MATERIAL FOR THIS TASK below:

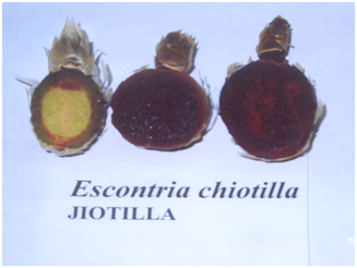 One of the most important features of jiotilla fruit are the deep red (purple) pigments. Dominant pigments are betaxantines (yellow pigments), although the most visible color in the fruit is red purple, suggesting that hypothetically betanine is the predominant one Figure 5.
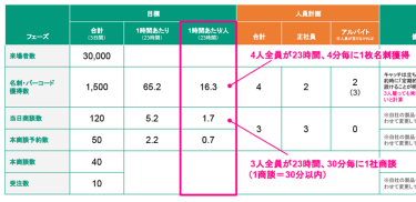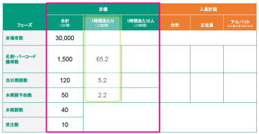1人あたり1時間の目標数を算出します。展示会責任者はこれを目標設定として管理することができます。
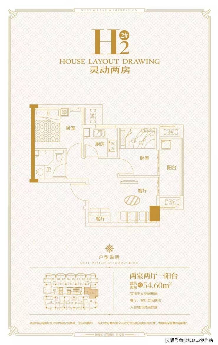 2、H2户型:54.6㎡ ,两房一厅一卫一阳台
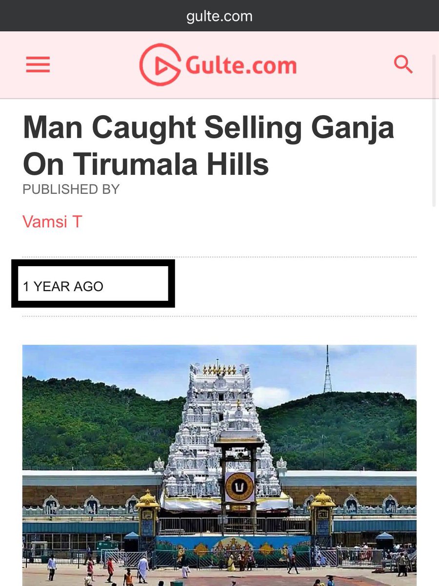 Local media outlets reported that Ganja peddlers were arrested in Tirumala
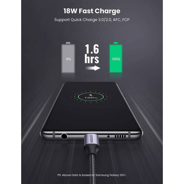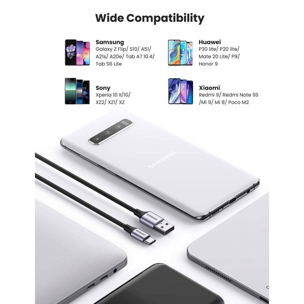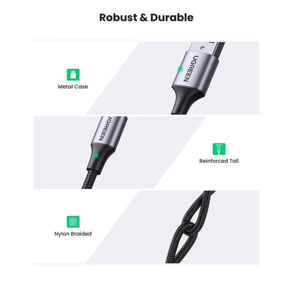 მობილურის USB დამტენი UGREEN 60128 USB 2.0 A to USB-C Cable Nickel Plating Aluminum Braid 2m (Black)
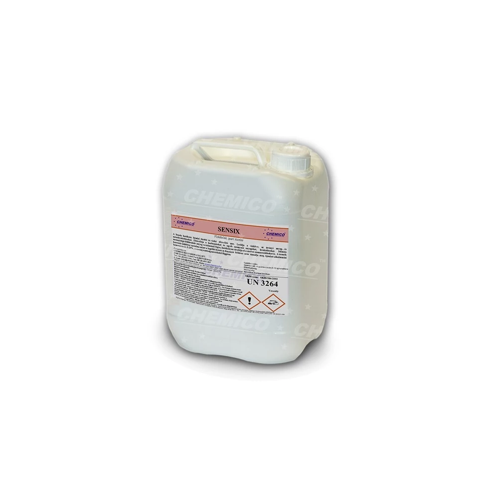 Sensix ipari vízkőoldó vízzel jól hígítható, hatékony tisztítószer koncentrátum, mely eltávolítja a vízkövet, ásványi anyagot, cement- és mészlerakódásokat, fémsókat, rozsdát. Nem károsítja a legtöbb festett és fényezett felületet. Gazdaságos, könnyen alkalmazható. Nemcsak a szervetlen kiválásokat, hanem a szerves szennyeződéseket is hatékonyan távolítja el.
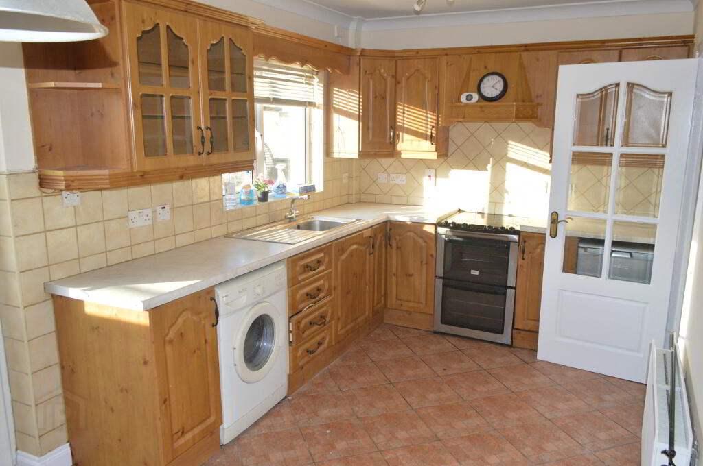 KITCHEN / DINETTE – 15’7x8’ Fitted kitchen with range of high & low level units, glass display cabinet, extractor fan, canopy, Zanussi free standing cooker, plumbed for washing machine, partially tiled walls, tiled flooring, walk-in storage space.
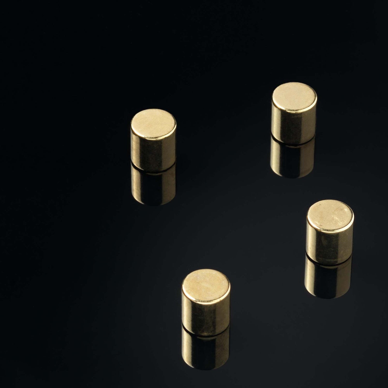 Super Stærke magneter. Guld / Stål. Cylinder. Dia. 1 cm. Højde 1 cm.Magneten er perfekt til glastavler og finertavler, kan bruges på alle magnetiske tavler.

End of MATERIAL FOR THIS TASK.

__TASK INSTRUCTIONS__: Each record should be quoted exactly, with the images omitted.

__WRITTEN ANSWER__:
 One of the most important features of jiotilla fruit are the deep red (purple) pigments. Dominant pigments are betaxantines (yellow pigments), although the most visible color in the fruit is red purple, suggesting that hypothetically betanine is the predominant one Figure 5.
1人あたり1時間の目標数を算出します。展示会責任者はこれを目標設定として管理することができます。
 2、H2户型:54.6㎡ ,两房一厅一卫一阳台
 Local media outlets reported that Ganja peddlers were arrested in Tirumala
 მობილურის USB დამტენი UGREEN 60128 USB 2.0 A to USB-C Cable Nickel Plating Aluminum Braid 2m (Black)
 Sensix ipari vízkőoldó vízzel jól hígítható, hatékony tisztítószer koncentrátum, mely eltávolítja a vízkövet, ásványi anyagot, cement- és mészlerakódásokat, fémsókat, rozsdát. Nem károsítja a legtöbb festett és fényezett felületet. Gazdaságos, könnyen alkalmazható. Nemcsak a szervetlen kiválásokat, hanem a szerves szennyeződéseket is hatékonyan távolítja el.
 KITCHEN / DINETTE – 15’7x8’ Fitted kitchen with range of high & low level units, glass display cabinet, extractor fan, canopy, Zanussi free standing cooker, plumbed for washing machine, partially tiled walls, tiled flooring, walk-in storage space.
 Super Stærke magneter. Guld / Stål. Cylinder. Dia. 1 cm. Højde 1 cm.Magneten er perfekt til glastavler og finertavler, kan bruges på alle magnetiske tavler.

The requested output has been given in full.